Among his friends and business associates, says Bill Rawson, Chairman of the Rawson Property Group, there are several who have invested in residential properties overseas in the last year or two - especially in Europe and the UK.
There is, says Rawson, a certain logic in this as many European homes are still at low price levels (for example: Spain’s house prices are down by 24.3%, since the fourth quarter of 2007).
“Any home purchase in the southern half of Europe is likely to represent good value at the moment,” said Rawson.
Nevertheless, he says, such purchases, will, he believes, be financially unsatisfactory because European growth prospects in the foreseeable future are dismal.
“Such homes can, of course, provide good holiday accommodation and, in the event of the rand destabilizing, could gain significant value. However, what they really represent is a bolt hole and they provide another choice to the owners - should the SA economy go bottoms up. From a financial point of view they are very definitely a long term prospect.”
Rawson drew attention to the “Home Truths” article, published in the 12th of January 2013 issue of “The Economist”, which, he said, shows that South African home prices, in 2012, performed significantly better than those of 85% of the world’s developed countries.
“South African homes increased in value by 5% year-on-year in 2012. Only Hong Kong (with a 21.8% growth rate) and Austria (with 10.1% growth) performed better. Nine of the 18 countries listed in the survey saw their homes lose further value in 2012, the worst being: Spain with a 9,3% drop, the Netherlands with 6,8%, Ireland with 5,7% and Italy with 4%.
Less encouraging news for the SA residential investor, said Rawson, is that since the first quarter of 2007, again according to “The Economist”, home prices have risen by only 12, 2%.
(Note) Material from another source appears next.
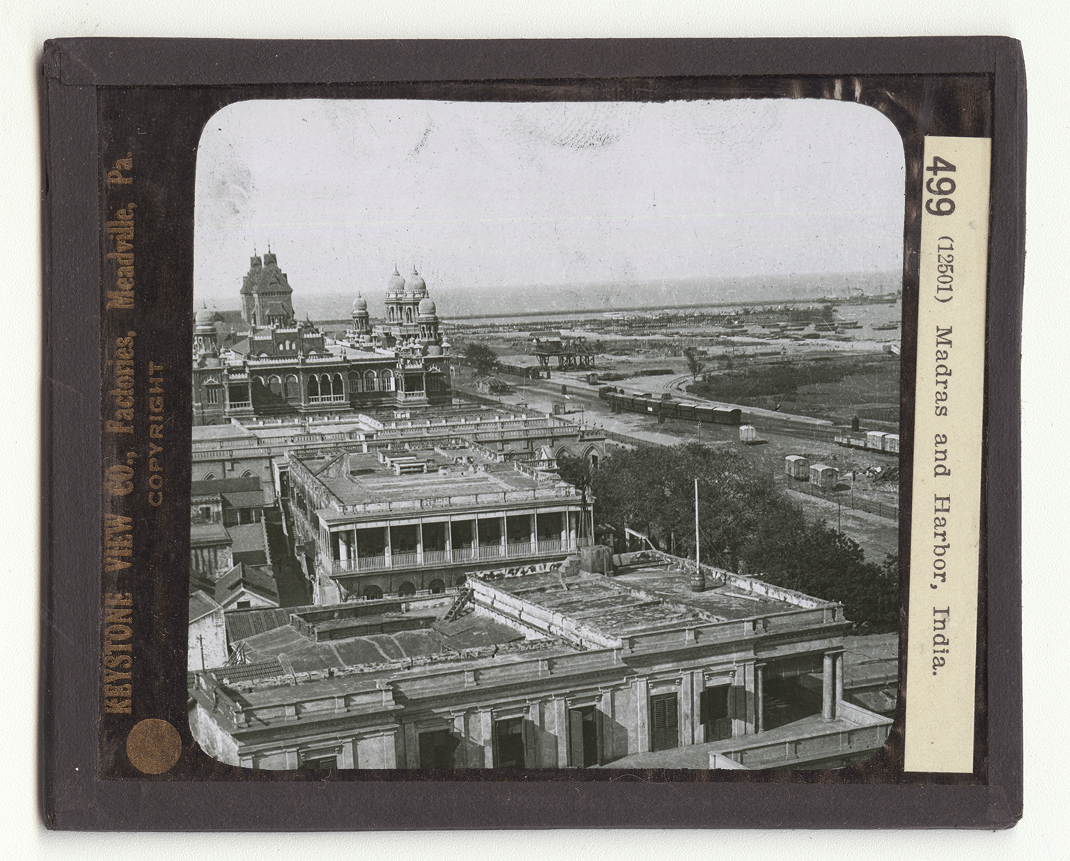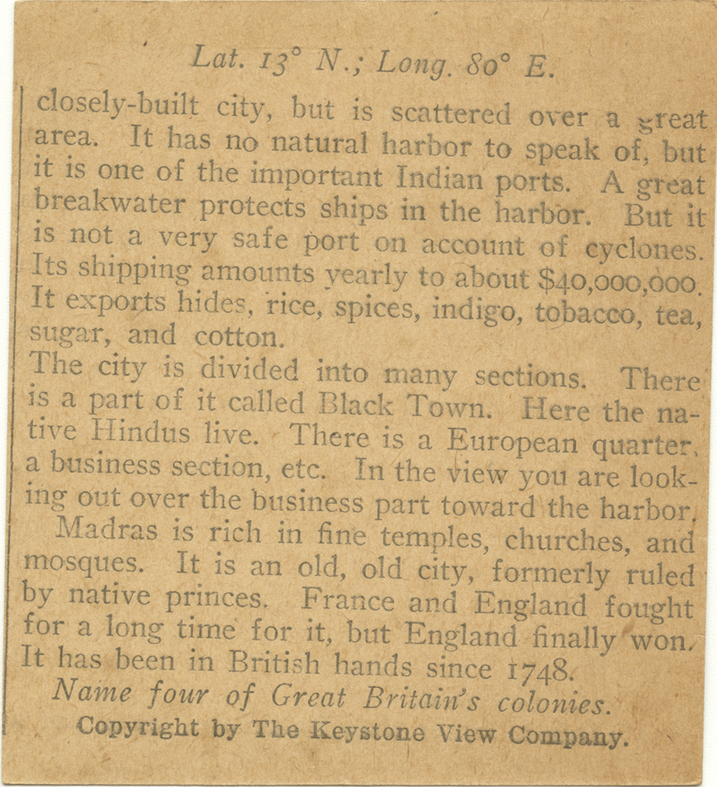 closely-built city, but is scattered over a great area. It has no natural harbor to speak of, but it is one of the important Indian ports. A great breakwater protects ships in the harbor. But it is not a very safe port on account of cyclones. Its shipping amounts yearly to about $40,000,000. It exports hides, rice, spices, indigo, tobacco, tea, sugar, and cotton. The city is divided into many sections. There is a part of it called Black Town. Here the native Hindus live. There is a European quarter, a business section, etc. In the view you are looking out over the business part toward the harbor. Madras is rich in fine temples, churches, and mosques. It is an old, old city, formerly ruled by native princes. France and England fought for a long time for it, but England finally won. It has been in British hands since 1748. Name four of Great Britain's colonies.

“Here again, however, we look fairly stable in comparison with such front runners in housing as the USA (whose homes, although now at last appreciating in value, have devalued by 20,5% since the first quarter of 2007) and Japan (whose homes have lost 14,2% since late 2007).
John Loos, FNB’s property economist, has predicted a slower 2,5% South African home growth rate for 2013. This would mean that in real terms, South African homes will lose value in the coming year.
Rawson, however, says that although this may be true of the market as a whole, it hides the fact that in the lower priced brackets, particularly those priced below R1 million, increases of up to 10% are still being seen annually.
“I am closely in touch with many reputable estate agents,” said Rawson, “and the general consensus among the vast majority is that the market is now on a recovery path and that Loos’ forecasts could prove overly pessimistic.”
Particularly significant in “The Economist’s” survey is the fact that South African residential property is still undervalued by 5% on the price to rent ratio index. This means that SA property investors can look forward to further significant rental growth as well as steady capital growth, says Rawson.
“The fact that South African rentals are well above average, in relation to the global figures, suggests that capital values must continue to rise.”